» What this task involves: Pictures stay out of the answer, but every line of the material must be restated exactly.

» Data block:

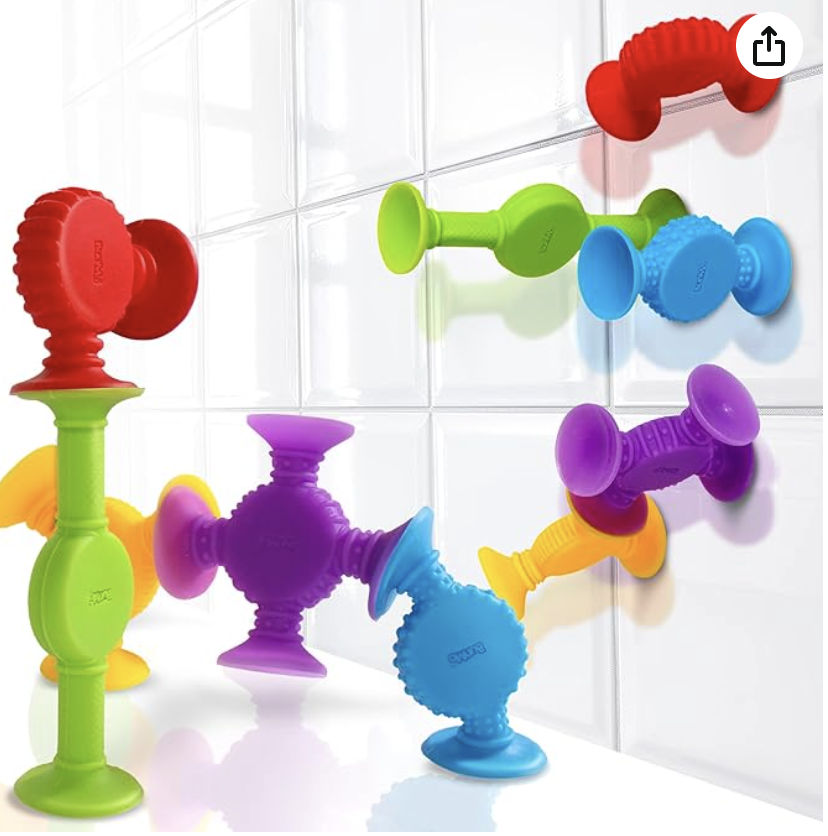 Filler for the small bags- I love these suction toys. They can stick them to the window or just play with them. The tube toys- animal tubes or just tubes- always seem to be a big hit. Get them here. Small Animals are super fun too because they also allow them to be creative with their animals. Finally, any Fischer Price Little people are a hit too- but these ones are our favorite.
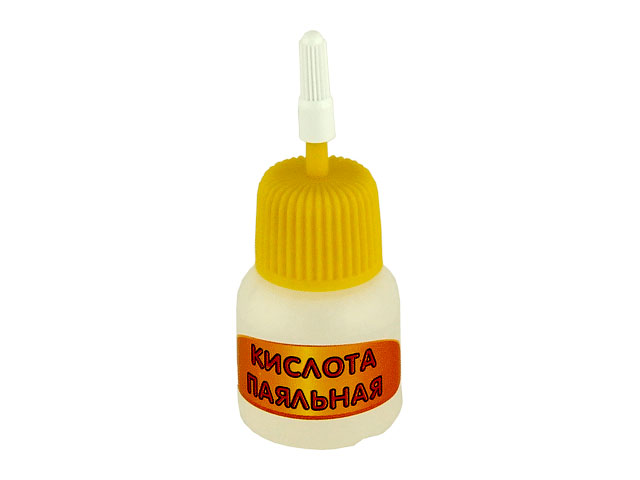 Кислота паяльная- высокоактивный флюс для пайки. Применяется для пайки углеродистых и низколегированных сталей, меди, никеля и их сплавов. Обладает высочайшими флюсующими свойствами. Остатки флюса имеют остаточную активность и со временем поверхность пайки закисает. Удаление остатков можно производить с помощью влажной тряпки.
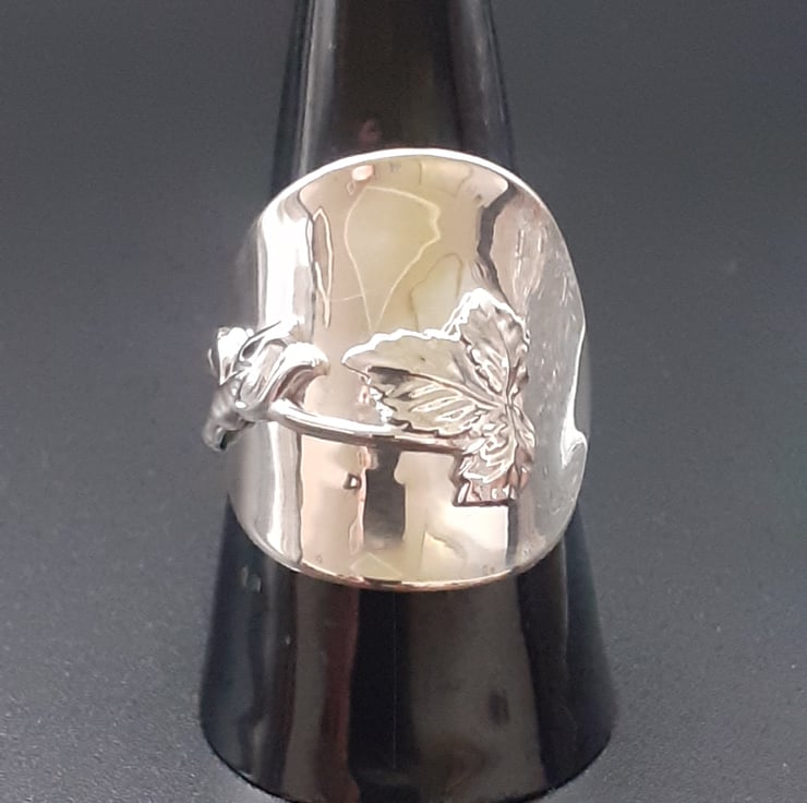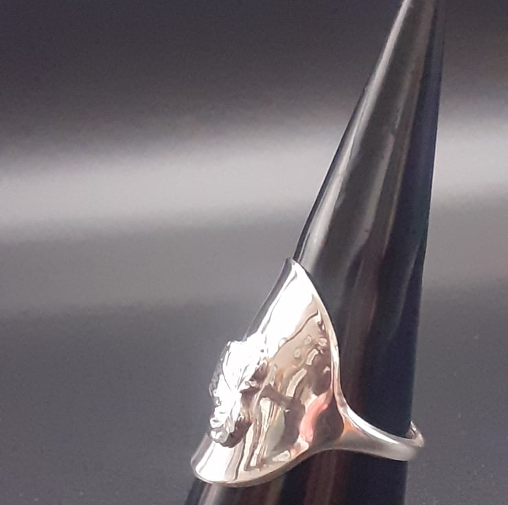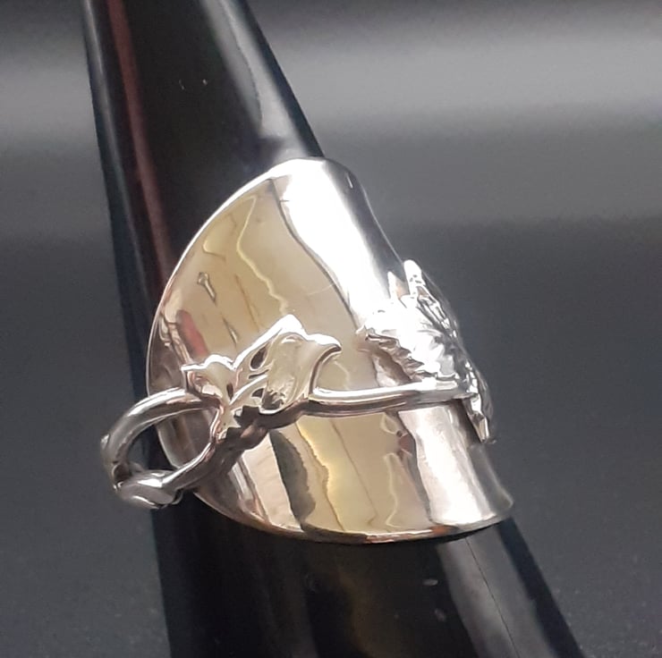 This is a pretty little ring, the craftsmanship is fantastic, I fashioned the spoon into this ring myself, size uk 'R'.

» Response:
 Filler for the small bags- I love these suction toys. They can stick them to the window or just play with them. The tube toys- animal tubes or just tubes- always seem to be a big hit. Get them here. Small Animals are super fun too because they also allow them to be creative with their animals. Finally, any Fischer Price Little people are a hit too- but these ones are our favorite.
 Кислота паяльная- высокоактивный флюс для пайки. Применяется для пайки углеродистых и низколегированных сталей, меди, никеля и их сплавов. Обладает высочайшими флюсующими свойствами. Остатки флюса имеют остаточную активность и со временем поверхность пайки закисает. Удаление остатков можно производить с помощью влажной тряпки.
 This is a pretty little ring, the craftsmanship is fantastic, I fashioned the spoon into this ring myself, size uk 'R'.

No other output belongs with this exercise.